排序理由 多篇研究论文介绍了用于自动驾驶 VLMs 的新模型、基准和技术。

在 arXiv cs.CL 阅读 →

AI 生成摘要 · Google Gemini · 来自 5 个来源。 我们如何撰写摘要 →

报道来源 [5]

  1. arXiv cs.CL TIER_1 English(EN) · Kewei Zhang, Jin Wang, Sensen Gao, Chengyue Wu, Yulong Cao, Songyang Han, Boris Ivanovic, Langechuan Liu, Marco Pavone, Song Han, Daquan Zhou, Enze Xie ·

    Fast-dDrive: Efficient Block-Diffusion VLM for Autonomous Driving

    arXiv:2605.23163v1 Announce Type: new Abstract: End-to-end autonomous driving via Vision-Language-Action (VLA) models demands a precarious balance between high-fidelity trajectory planning and efficient inference.

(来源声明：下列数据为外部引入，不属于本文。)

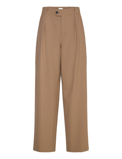 Dessa byxor har en avslappnad silhuett med vida ben och en bekväm passform. Designen har subtila veck framtill, vilket framhäver formen och fallet.
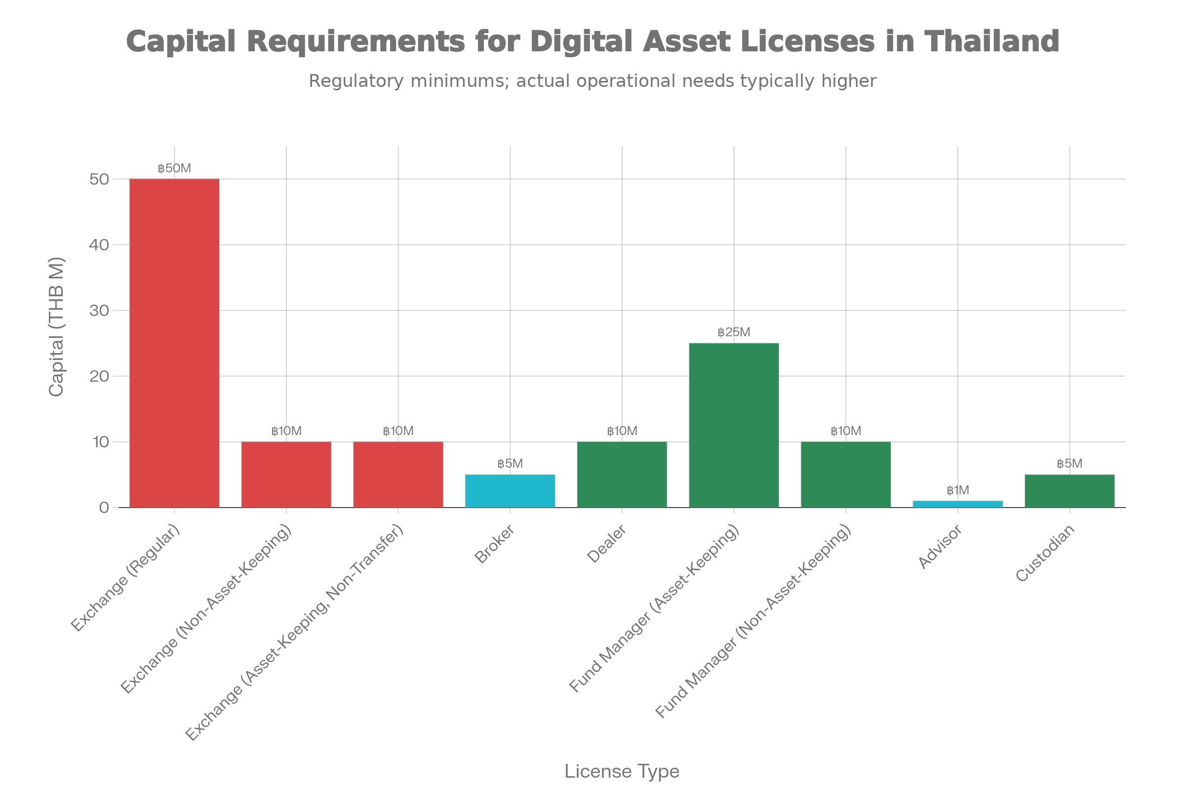 | Digital Asset Fund Manager (Asset-keeping, non-institutional) | 25 million THB | ~$700,000 | Client fund management with custody |
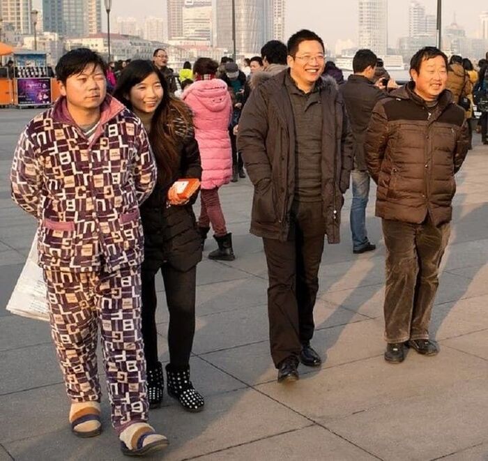 Одна из древних китайских традиций выйти на вечерний променад в зимней пижаме. Они теплые как верхняя одежда, но мягкие
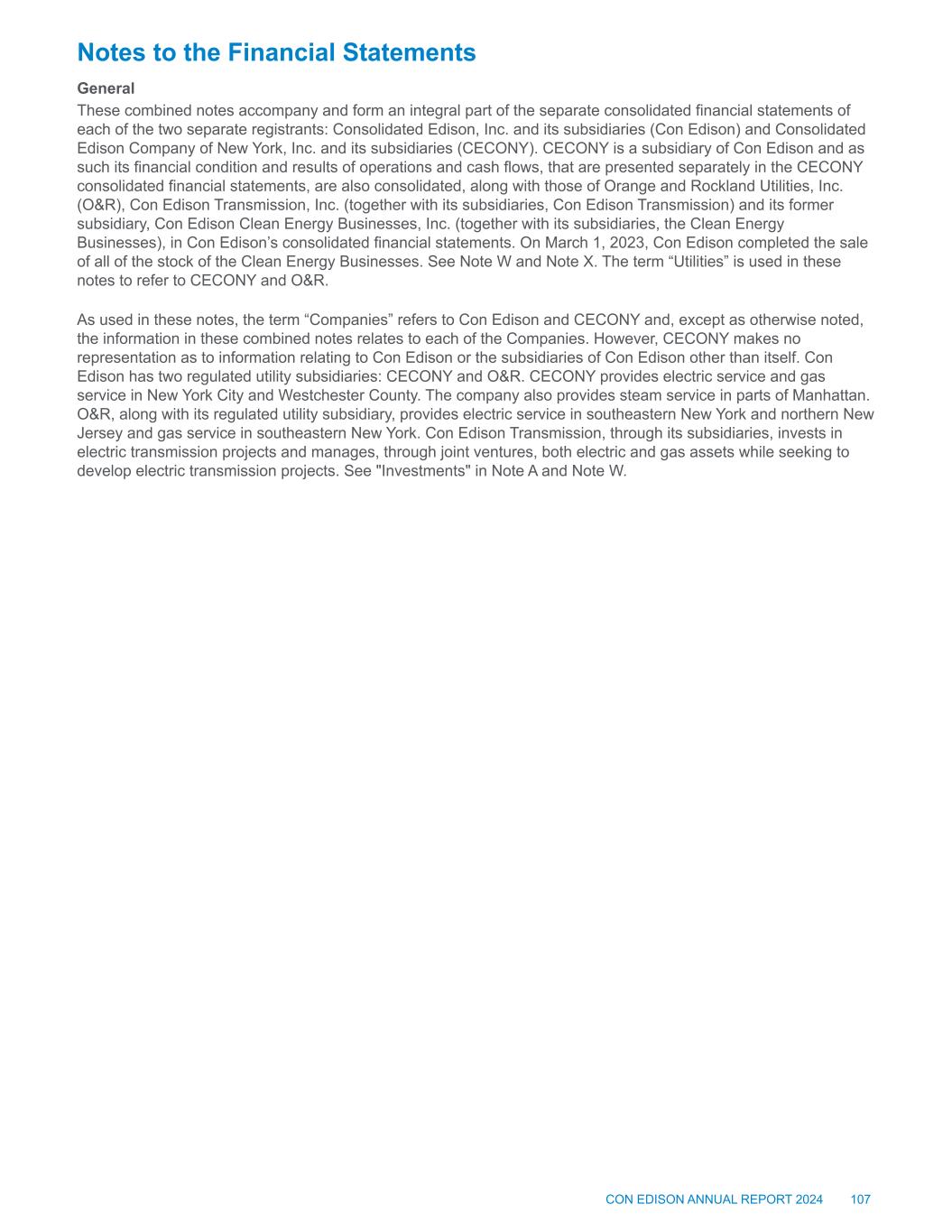 Notes to the Financial Statements General These combined notes accompany and form an integral part of the separate consolidated financial statements of each of the two separate registrants: Consolidated Edison, Inc. and its subsidiaries (Con Edison) and Consolidated Edison Company of New York, Inc. and its subsidiaries (CECONY). CECONY is a subsidiary of Con Edison and as such its financial condition and results of operations and cash flows, that are presented separately in the CECONY consolidated financial statements, are also consolidated, along with those of Orange and Rockland Utilities, Inc. (O&R), Con Edison Transmission, Inc. (together with its subsidiaries, Con Edison Transmission) and its former subsidiary, Con Edison Clean Energy Businesses, Inc. (together with its subsidiaries, the Clean Energy Businesses), in Con Edison’s consolidated financial statements. On March 1, 2023, Con Edison completed the sale of all of the stock of the Clean Energy Businesses. See Note W and Note X. The term “Utilities” is used in these notes to refer to CECONY and O&R. As used in these notes, the term “Companies” refers to Con Edison and CECONY and, except as otherwise noted, the information in these combined notes relates to each of the Companies. However, CECONY makes no representation as to information relating to Con Edison or the subsidiaries of Con Edison other than itself. Con Edison has two regulated utility subsidiaries: CECONY and O&R. CECONY provides electric service and gas service in New York City and Westchester County. The company also provides steam service in parts of Manhattan. O&R, along with its regulated utility subsidiary, provides electric service in southeastern New York and northern New Jersey and gas service in southeastern New York. Con Edison Transmission, through its subsidiaries, invests in electric transmission projects and manages, through joint ventures, both electric and gas assets while seeking to develop electric transmission projects. See "Investments" in Note A and Note W. CON EDISON ANNUAL REPORT 2024 107

Existing paradigms typically fall short: autoregressive (AR) VLAs …

  2. arXiv cs.CL TIER_1 English(EN) · Enze Xie ·

    Fast-dDrive: Efficient Block-Diffusion VLM for Autonomous Driving

    End-to-end autonomous driving via Vision-Language-Action (VLA) models demands a precarious balance between high-fidelity trajectory planning and efficient inference. Existing paradigms typically fall short: autoregressive (AR) VLAs are memory-bandwidth-bound on edge hardware and …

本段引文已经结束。